According to Guillemette, at some point, presumably during the early 1980s construction problems, people on the base had started to claim that the Chumash had placed a curse on the facility because it was “built on an Indian burial ground.”

SLC-6, or “Slick-6” as it was known, was initially started in the 1960s as the launch site for the Air Force’s Manned Orbiting Laboratory program’s Titan IIIM rocket. When MOL was canceled in 1969, construction on SLC-6 was halted. When the Air Force decided to launch space shuttles from Vandenberg, it designated SLC-6 as the launch site and began overhauling it in the early 1980s. Construction problems at SLC-6 became notorious, especially by summer 1984, when they touched off an Air Force investigation that found no major problems that could not be corrected. In December 1985, a worker fell to his death at SLC-6. After the Challenger accident came the revelation that during a shuttle launch, hydrogen could build up inside SLC-6’s flame trench and result in an explosion. The construction teams were developing a solution to that problem when the Air Force abruptly canceled all West Coast shuttle launches and shut down SLC-6. The Air Force had spent billions of dollars on the facility and never launched anything for over two and a half decades.

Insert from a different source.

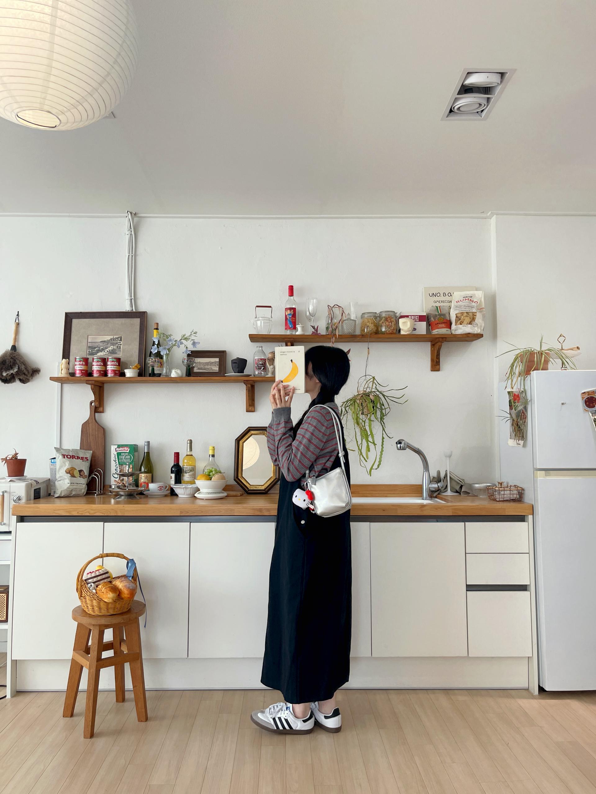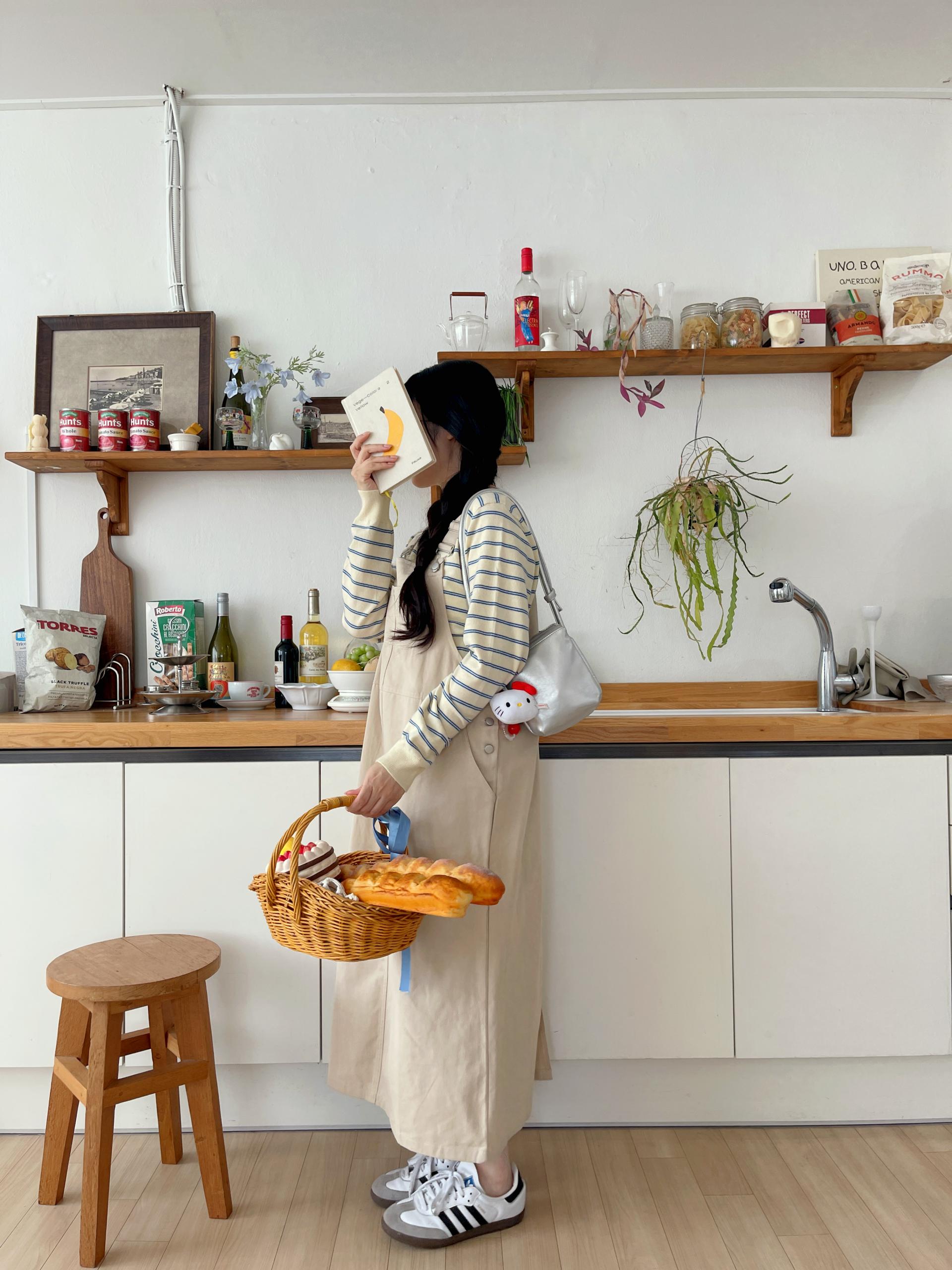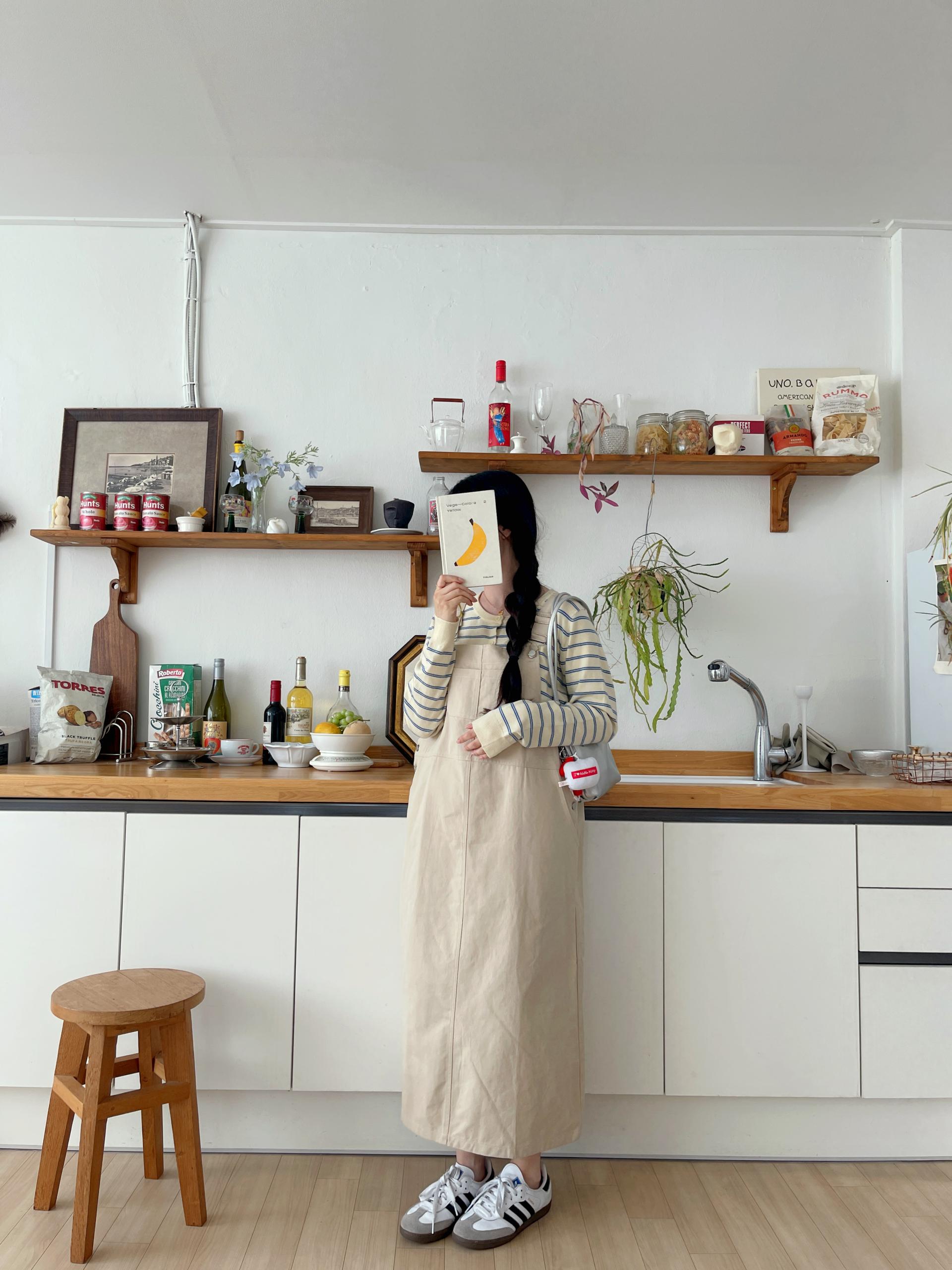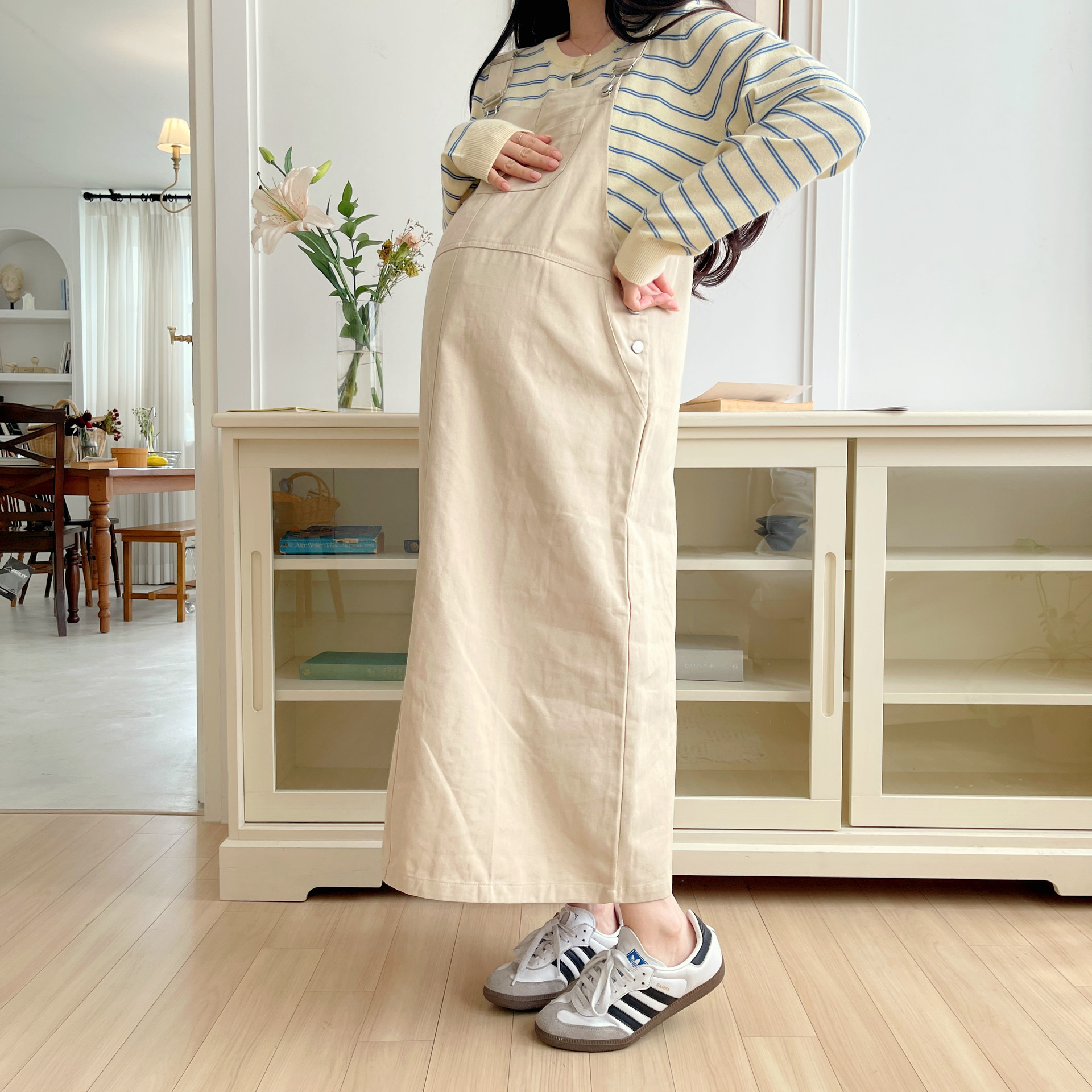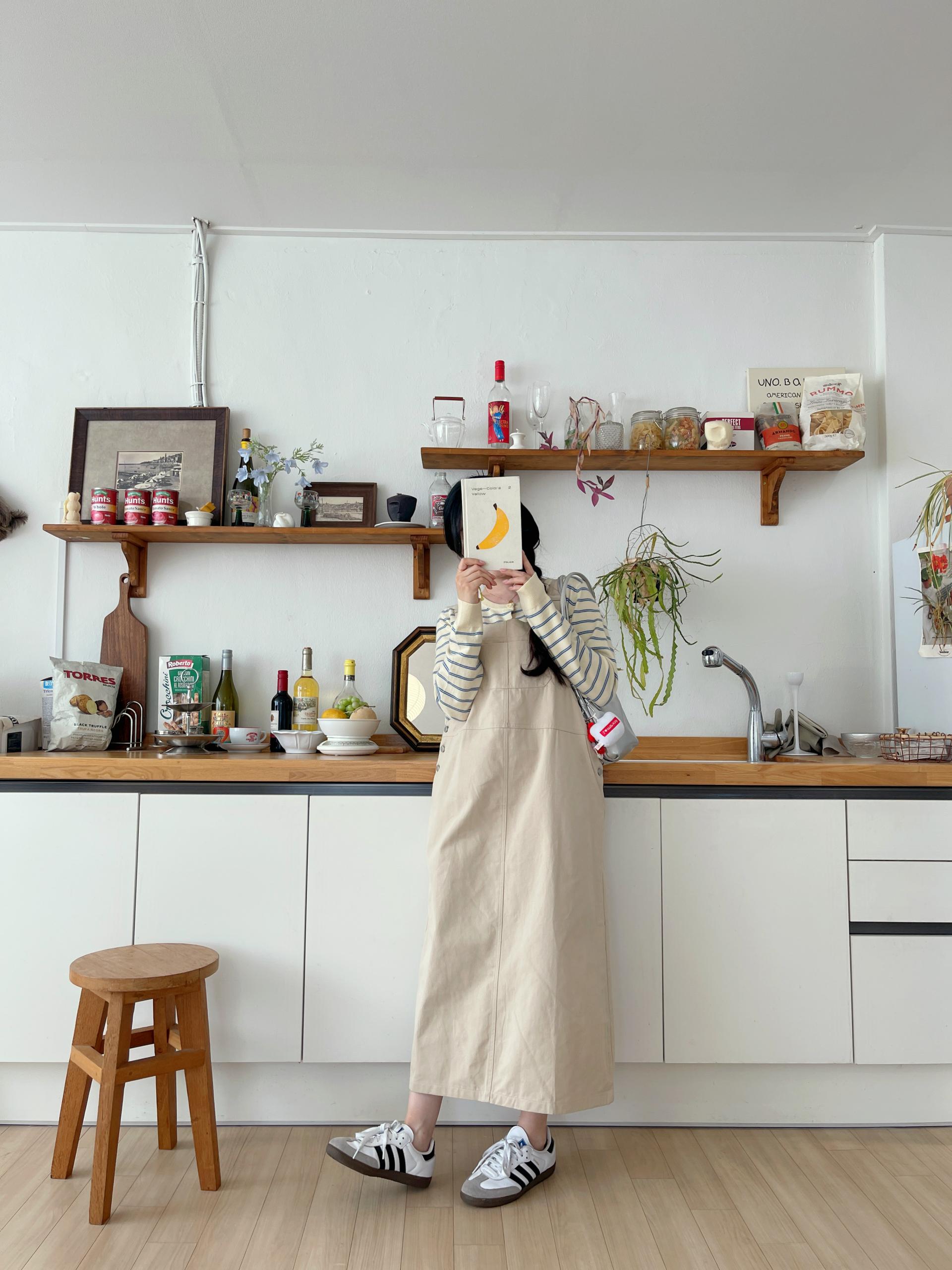 하우멜빵원피스(베이지)+모에단가라니트가디건(버터)

According to Guillemette, at some point, presumably during the early 1980s construction problems, people on the base had started to claim that the Chumash had placed a curse on the facility because it was “built on an Indian burial ground.” This was, of course, a rather convenient way for people to blame the Air Force’s problems on the Indians. Guillemette casually mentioned this in a couple of articles that he wrote for Spaceflight magazine in the 1990s and then in a lighthearted 1998 article for Space Online that attracted a lot of attention. Guillemette had tried to contact Chumash representatives, but had gotten nowhere.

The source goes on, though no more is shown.